И.ВОРОБЬЕВА – Сергей Константинович, а вот в 96-97-м годах, как пишут, по крайней мере, в интернете, на вас были совершены покушения. Это слухи или это правда.

С.ДУБИНИН – Два раза стреляли по окнам моей квартиры. Реально были отверстия пулевые. Только годы я сейчас точно не назову.

И.ВОРОБЬЕВА – Но, тем не менее, такие истории были.

С.ДУБИНИН – Да, да, безусловно.

И.ВОРОБЬЕВА – Как в условиях, когда по окнам квартиры стреляют, принимать решения? Это нужно, соответственно, с чем-то связывать или ждать каких-то…, вот, что в этот момент нужно делать? Что вы делали? Вы как-то нанимали охрану для себя, для своей семьи, перестали принимать решения по работе или еще что-то, думали ли вы об уходе?
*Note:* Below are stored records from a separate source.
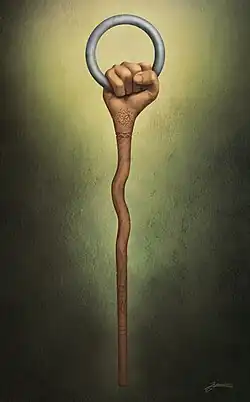 Today, Hennil is often thought to be a pseudo-deity – Thietmar is supposed to have regarded an ordinary stick used in a ritual as a deity;[2] it is often overlooked in scholarly publications. Aleksander Brückner first of all pointed out that around 1010 the sound h (different from ch) did not yet exist in the Slavic languages, he also rejected linking it with the Lithuanian Goniglis and with the word hejnał, which is a borrowing from Hungarian. He considered Hennil to be a German given name and not the name of a Slavic or German god.[5] Slavist and linguist Leszek Moszyński proposed that the word Hennil should be considered a diminutive from Old High German heno "rooster," and that the rooster, which is a symbol of vigilance, may have been included in the spell mentioned by Thietmar. Gerard Labuda considered the word to be the result of a misunderstanding of the greeting "hey-no!".[2] There is also a view that Hennil was a fetish.[3] Ultimately, the etymology of the god's theonym has not been established.[3]
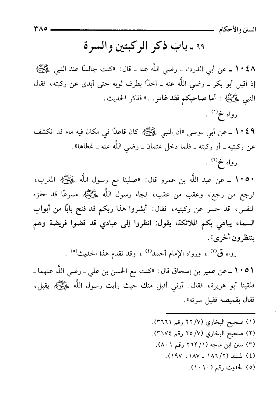 1051 - عن عمير بن إسحاق قال: "كنت مع الحسن بن علي -رضي الله عنهما- فلقينا أبو هريرة، فقال: أرني أقبل منك حيث رأيت رسول الله - صلى الله عليه وسلم - يقبل، فقال بقميصه فقبل سرته".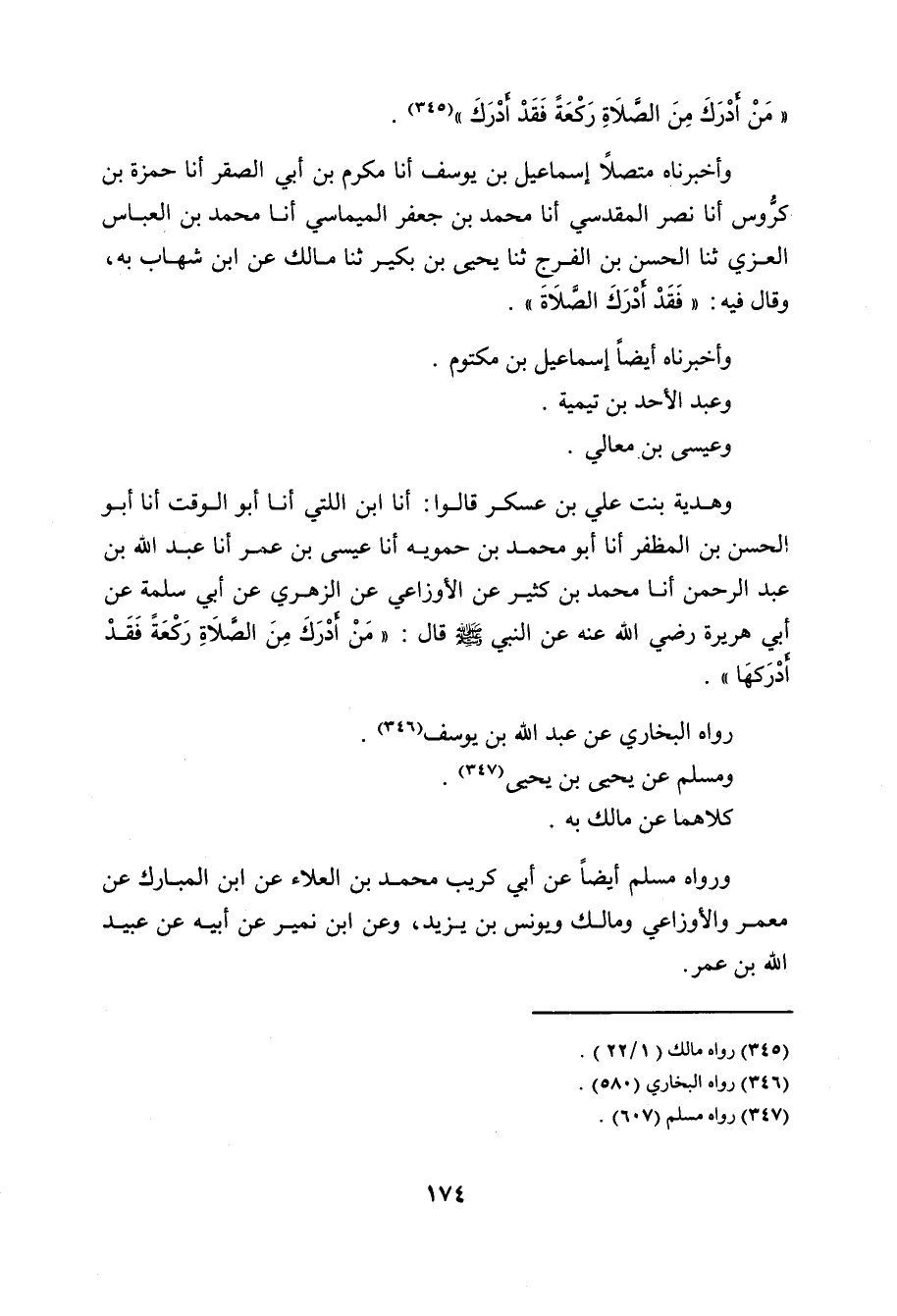 وَأَخْبَرَنَاهُ مُتَّصِلا إِسْمَاعِيلُ بْنُ يُوسُفَ، أنا مُكْرَمُ بْنُ أَبِي الصَّقْرِ، أنا حَمْزَةُ بْنُ كروسٍ، أنا نَصْرٌ الْمَقْدِسِيُّ، أنا مُحَمَّدُ بْنُ جَعْفَرٍ الْمِيمَاسِيُّ، أنا مُحَمَّدُ بْنُ الْعَبَّاسِ الْغَزِّيُّ، ثنا الْحَسَنُ بْنُ الْفَرَجِ، ثنا يَحْيَى بْنُ بُكَيْرٍ، ثنا مَالِكٌ، عَنِ ابْنِ شِهَابٍ بِهِ , وَقَالَ فِيهِ: فَقَدْ أَدْرَكَ الصَّلاةَ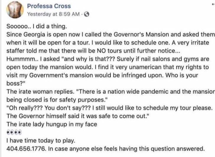 @GovKemp know how you feel about his intentionally endangering workers & shopkeepers but not himself. (404) 656-1776https://twitter.com/robhuebel/status/1254185183667843072?s=20 …

С.ДУБИНИН – Давайте я скажу немножко по-другому. До прихода в Центральный банк – мы сейчас вокруг Центрального банка главным образом все время ведем разговор – у меня уже был определенный непростой опыт работы, и я в какой-то момент оказался в «Газпроме» до Центрального банка.

Т.ФЕЛЬГЕНГАУЭР – Да, у вас есть несколько периодов «Газпрома»: до ЦБ и после ЦБ.

С.ДУБИНИН – Да, и тогда мне было так интересно, и такой, в общем, это был, как теперь говорят,challenge, вызов. Огромная корпорация, огромные потоки денег – это все надо было отстраивать. Там отношения с Украиной, скажем.

И.ВОРОБЬЕВА – Ничего не меняли…

С.ДУБИНИН – Все было очень интересно. И я не хотел уходить. Меня попросил Виктор Степанович, просто попросил, что ему нужен человек. Татьяну Владимировну Парамонову не утвердила Госдума. Черномырдину нужен был человек, которому он доверял в ЦБ. Я согласился, и это решение было в какой-то степени вынужденным. Но, если согласился, надо отдавать себе полностью отчет: то, что ты делаешь, ты должен делать до конца.

Т.ФЕЛЬГЕНГАУЭР – То есть вы не очень хотели идти работать в ЦБ?

С.ДУБИНИН – Не очень в тот момент, безусловно. Вы знаете финансовый директор «Газпрома» — это как-то неплохо.

Т.ФЕЛЬГЕНГАУЭР – Подождите, раз уж вы говорите про вызов, про интерес – неужели возглавить Центробанк в новой России – это не вызов?

С.ДУБИНИН – Ну, это, безусловно, вызов, да. Но это бюрократическая структура, это нечто другое. А тут у меня был совершенно иной опыт. В бюрократической структуре я уже поработал с 91-го года.

Т.ФЕЛЬГЕНГАУЭР – В Министерстве финансов.

С.ДУБИНИН – У меня же было там несколько опять же этапов.

Т.ФЕЛЬГЕНГАУЭР – А тогда, если мы возвращаемся назад, первое самое решение – поработать на государство, стать государственным чиновником. Вот это тогда, чем было продиктовано?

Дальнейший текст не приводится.